Day One: Sensing Legs




As long as I am alive, I am breathing. Can I have the richness of life, where many times in the day, I know I am breathing, when I feel the sensation of my breath coming in and out?

Sensing.

This is the word for feeling myself physically. For you feeling yourself physically.

Can you sense right now where your right arm is, and the shape of it and the feel of it from the inside and outside, the bones and muscles and skin and aliveness of your arm?

Now sense your left arm.

How did you make that switch?

Who made that switch?

Now sense your right leg. Now sense your left leg, filling in all that you can, your toes, your ankles, your knee, your calf, your thigh, all the way up to your hip socket.
Where is the hip joint?

Sense and see if you can find it

Now sense your right leg, all of it.

Now sense both legs. See if that brightens your sense of yourself, bring you back in a concrete way to NOW.


Sensing.

This is an extremely down to Earth / can’t-fool-yourself way to wake up to now.
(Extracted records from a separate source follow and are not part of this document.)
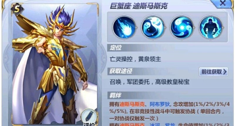 在圣斗士星矢(腾讯)中,巨蟹座迪斯马斯克掌控亡灵与黄泉之力,攻守兼备,是后期爆发核心。召唤亡魂、多次行动、群体输出与回复集于一身,堪称全能型S级斗士。
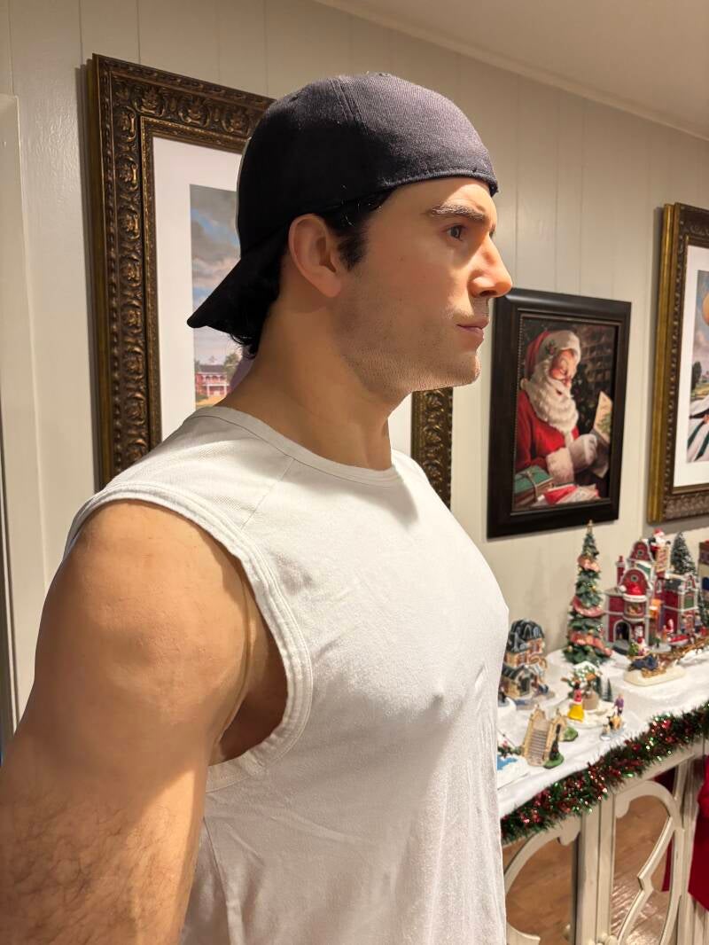 I've had several people asking me lately about Henry's pose ability thinking that he is actually able to move... I try to be transparent with the fact that he is a mannequin and basically a huge Ken doll in the way he's made (see: Gallery > "Anatomy of a Figure), and I post everywhere that I use AI.... I guess folks don't read anymore?? I made this website to specifically explain HOW he was made but people still aren't getting it. I can understand language barriers, especially if my written text isn't able to be translated but pictures also explain. There are several pages here for a reason: I want to be thorough and explore the beauty in the work of art he is, but also explore what it would be like if this amazing "uncanny valley" kind of creation WERE to move and live. But AI is used any time he smiles, holds something, sits or turns his head. In reality he only moved in 3 places: at each shoulder and at the waist. NO, he can't walk. NO, he can't sit. I think folks are confused because despite the rumors that he is a "sex doll" (those are made to bend like a human), my pictures of him clearly show he is not. Sorry to disappoint. Does he has something to help fill out his underwear? Yes. Is it attached to him as a part of his creation? No. As shown in his creation pics, he has a molded fiberglass lump. It is an insult to the artist to assume this beautiful work of art is anything other than that. And I'm not the kind of person who would publicly have a website for a sex doll. Fantasies aside folks, he's much more innocent than you'd like to believe.
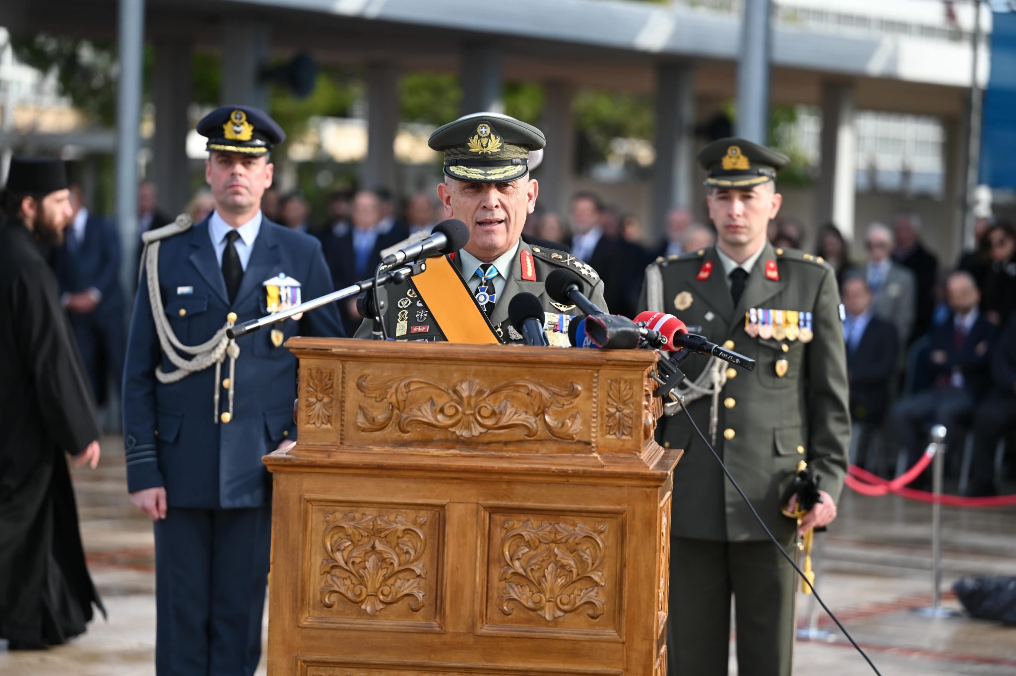 Αισθάνομαι ιδιαίτερα ευτυχής αλλά και συγκινημένος διότι αυτή η τελετή λαμβάνει χώρα ακριβώς στον ίδιο χώρο, στον οποίον παρέλαβα το ξίφος μου ως νεαρός Ανθυπολοχαγός Πεζικού της Τάξεως 1983. Της πρώτης τάξεως Ανθυπολοχαγών που αποφοιτούσε από την νέα, τότε Σχολή Ευελπίδων εδώ στη Βάρη, την παντοτινή όμως Κιβωτό των Καλών Ελπίδων του Έθνους.
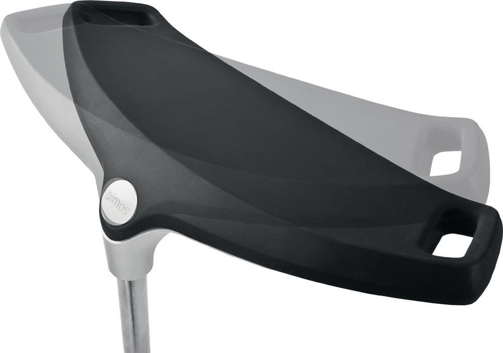 stabiler Standfuss aus Aluminium mit Wechselgleitern aus Filz oder Kunststoff je nach Bodentyp · ergonomische, um 4 Grad geneigte Standsäule aus gestrahlten Aluminium · breiter Komfort-Sitz (500 mm) aus Soft-Touch-Integralschaum, um 20° schwenkbar · stufenlose Gasfeder-Höhenverstellung · seitlich integrierte Halte-, Zieh- und Tragegriffe
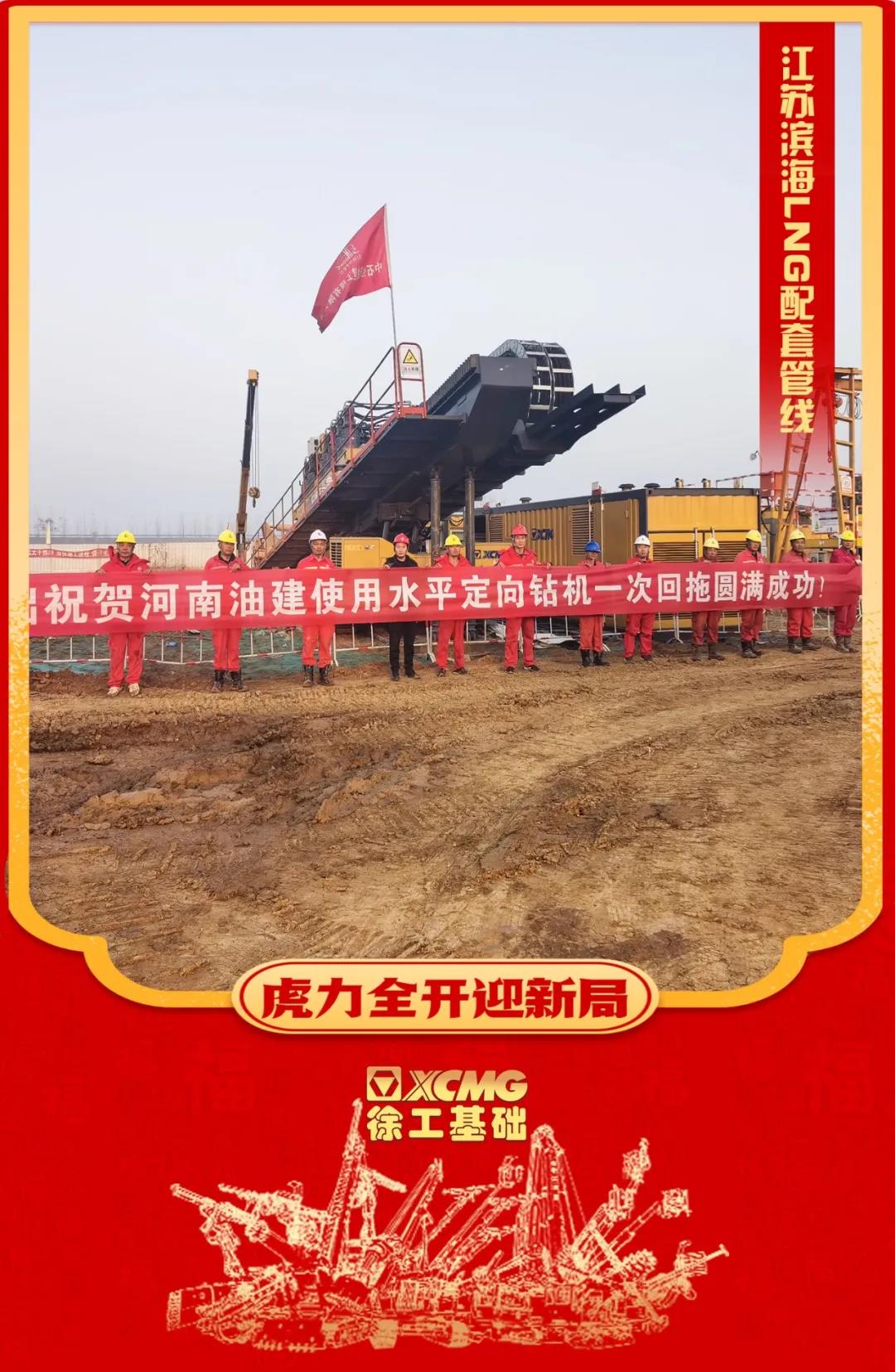 徐工XZ11600水平定向钻机承揽施工的江苏滨海LNG配套管线安徽天长-合肥项目二标段QJ052---QJ053荒草三圩龙虾池穿越首钻一次回拖成功。
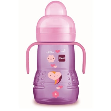 MAM Trainer är en flaska med handtag för att bebisen lätt ska kunna greppa flaskan själv. Med en extra mjuk och spillfri drickpip i silikon. Flaskan är en bra övergång från amning eller nappflaska till mugg. Läckagesäkert lock som även kan användas som mått. Enkel att hålla i och perfekt att ta med sig i väskan. BPA-fri. Rekommenderas från 4 månader. Välj mellan olika färger. 220 ml. Motivet på nappflaskorna i vald färg varierar och skickas slumpmässigt.
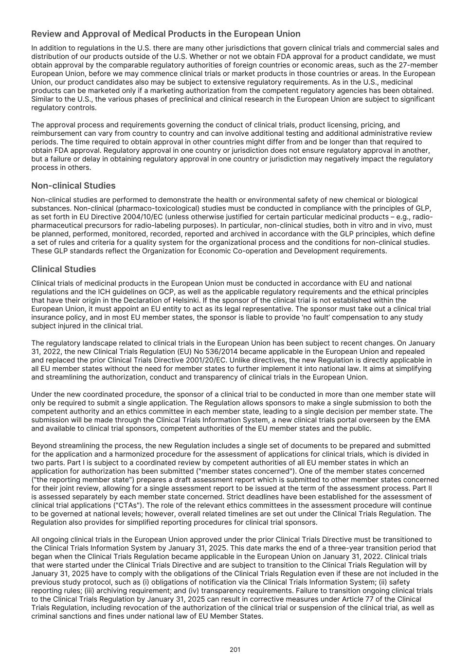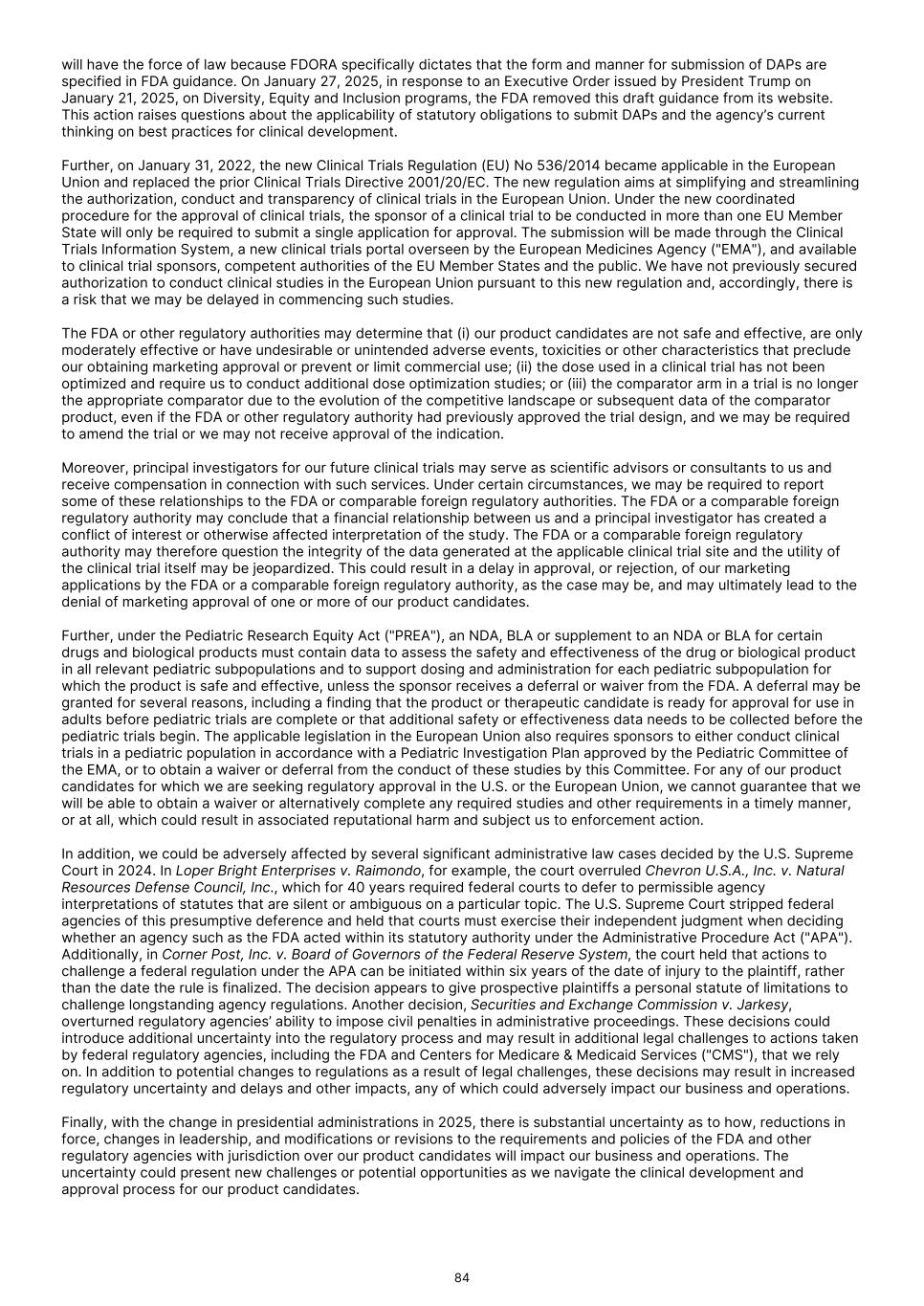 will have the force of law because FDORA specifically dictates that the form and manner for submission of DAPs are specified in FDA guidance. On January 27, 2025, in response to an Executive Order issued by President Trump on January 21, 2025, on Diversity, Equity and Inclusion programs, the FDA removed this draft guidance from its website. This action raises questions about the applicability of statutory obligations to submit DAPs and the agency’s current thinking on best practices for clinical development. Further, on January 31, 2022, the new Clinical Trials Regulation (EU) No 536/2014 became applicable in the European Union and replaced the prior Clinical Trials Directive 2001/20/EC. The new regulation aims at simplifying and streamlining the authorization, conduct and transparency of clinical trials in the European Union. Under the new coordinated procedure for the approval of clinical trials, the sponsor of a clinical trial to be conducted in more than one EU Member State will only be required to submit a single application for approval. The submission will be made through the Clinical Trials Information System, a new clinical trials portal overseen by the European Medicines Agency ("EMA"), and available to clinical trial sponsors, competent authorities of the EU Member States and the public. We have not previously secured authorization to conduct clinical studies in the European Union pursuant to this new regulation and, accordingly, there is a risk that we may be delayed in commencing such studies. The FDA or other regulatory authorities may determine that (i) our product candidates are not safe and effective, are only moderately effective or have undesirable or unintended adverse events, toxicities or other characteristics that preclude our obtaining marketing approval or prevent or limit commercial use; (ii) the dose used in a clinical trial has not been optimized and require us to conduct additional dose optimization studies; or (iii) the comparator arm in a trial is no longer the appropriate comparator due to the evolution of the competitive landscape or subsequent data of the comparator product, even if the FDA or other regulatory authority had previously approved the trial design, and we may be required to amend the trial or we may not receive approval of the indication. Moreover, principal investigators for our future clinical trials may serve as scientific advisors or consultants to us and receive compensation in connection with such services. Under certain circumstances, we may be required to report some of these relationships to the FDA or comparable foreign regulatory authorities. The FDA or a comparable foreign regulatory authority may conclude that a financial relationship between us and a principal investigator has created a conflict of interest or otherwise affected interpretation of the study. The FDA or a comparable foreign regulatory authority may therefore question the integrity of the data generated at the applicable clinical trial site and the utility of the clinical trial itself may be jeopardized. This could result in a delay in approval, or rejection, of our marketing applications by the FDA or a comparable foreign regulatory authority, as the case may be, and may ultimately lead to the denial of marketing approval of one or more of our product candidates. Further, under the Pediatric Research Equity Act ("PREA"), an NDA, BLA or supplement to an NDA or BLA for certain drugs and biological products must contain data to assess the safety and effectiveness of the drug or biological product in all relevant pediatric subpopulations and to support dosing and administration for each pediatric subpopulation for which the product is safe and effective, unless the sponsor receives a deferral or waiver from the FDA. A deferral may be granted for several reasons, including a finding that the product or therapeutic candidate is ready for approval for use in adults before pediatric trials are complete or that additional safety or effectiveness data needs to be collected before the pediatric trials begin. The applicable legislation in the European Union also requires sponsors to either conduct clinical trials in a pediatric population in accordance with a Pediatric Investigation Plan approved by the Pediatric Committee of the EMA, or to obtain a waiver or deferral from the conduct of these studies by this Committee. For any of our product candidates for which we are seeking regulatory approval in the U.S. or the European Union, we cannot guarantee that we will be able to obtain a waiver or alternatively complete any required studies and other requirements in a timely manner, or at all, which could result in associated reputational harm and subject us to enforcement action. In addition, we could be adversely affected by several significant administrative law cases decided by the U.S. Supreme Court in 2024. In Loper Bright Enterprises v. Raimondo, for example, the court overruled Chevron U.S.A., Inc. v. Natural Resources Defense Council, Inc., which for 40 years required federal courts to defer to permissible agency interpretations of statutes that are silent or ambiguous on a particular topic. The U.S. Supreme Court stripped federal agencies of this presumptive deference and held that courts must exercise their independent judgment when deciding whether an agency such as the FDA acted within its statutory authority under the Administrative Procedure Act ("APA"). Additionally, in Corner Post, Inc. v. Board of Governors of the Federal Reserve System, the court held that actions to challenge a federal regulation under the APA can be initiated within six years of the date of injury to the plaintiff, rather than the date the rule is finalized. The decision appears to give prospective plaintiffs a personal statute of limitations to challenge longstanding agency regulations. Another decision, Securities and Exchange Commission v. Jarkesy, overturned regulatory agencies’ abil
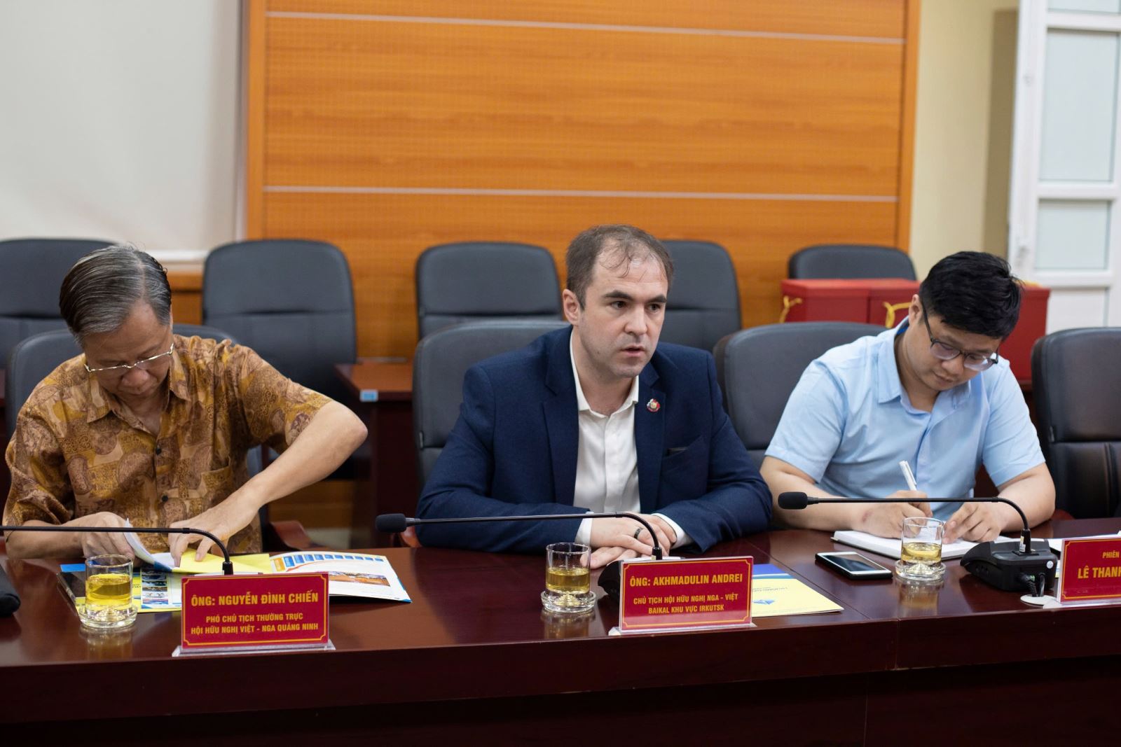 Participating in the meeting from Ha Long University were Dr. Nguyen Duc Tiep - the President of the University, Dr. Phan Thi Hue - the Vice President, along with leaders from the Faculty of Tourism, Faculty of Culture, the International Cooperation Office, and the Scientific Management Department. Representing the Vietnam-Russia Baikal Friendship Association were Mr. Akhmadulin Andrei - President of the Vietnam-Russia Baikal Friendship Association in the Irkutsk region, and Mr. Lysenko Nikita - a member of the Vietnam-Russia Baikal Friendship Association in the Irkutsk region.
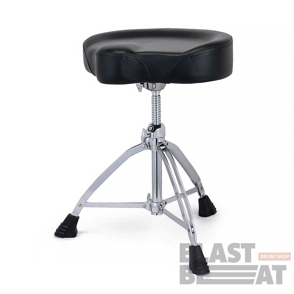 Винтовой стул с мото-седлом. Благодаря виниловому верху седловидной формы размером 17 x 4 дюйма Mapex T855 создан для максимального комфорта барабанщика.
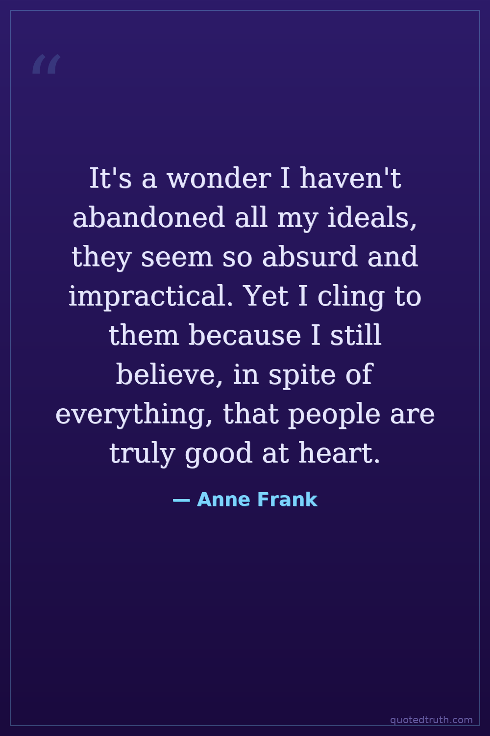 It's a wonder I haven't abandoned all my ideals, they seem so absurd and impractical. Yet I cling to them because I still believe, in spite of everything, that people are truly good at heart.
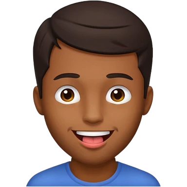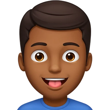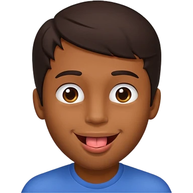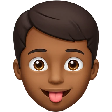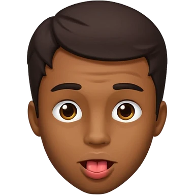 A brown skin guy with dark hair that is his covering forehead, his head is tilted back a bit and his tongue is out emoji | AI Emoji Generator
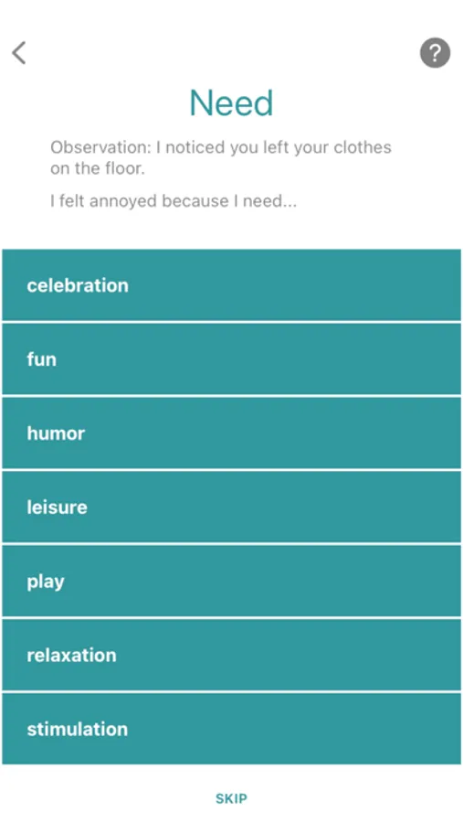 Did you know that this app can also help you write meaningful gratitudes? It be used to express gratefulness in a way that explains what underlying need was met. This app can function as a gratitude journal, keeping track of your daily met needs.

It’s easy enough to say, “Oh, of course, I’m being present,” and to just be saying words without any ongoing anchor in the present. To sense ourselves, we have to be present to ourselves.

Sensing our legs, both right and left, that is the game for today. Give it a try. Have fun. Keep coming back and back and back. To now. To sensing. Even now, as you read these words.

Right now.

The journey will last 108 days. Each day will offer something small or large to follow in our awareness, in our waking up to now.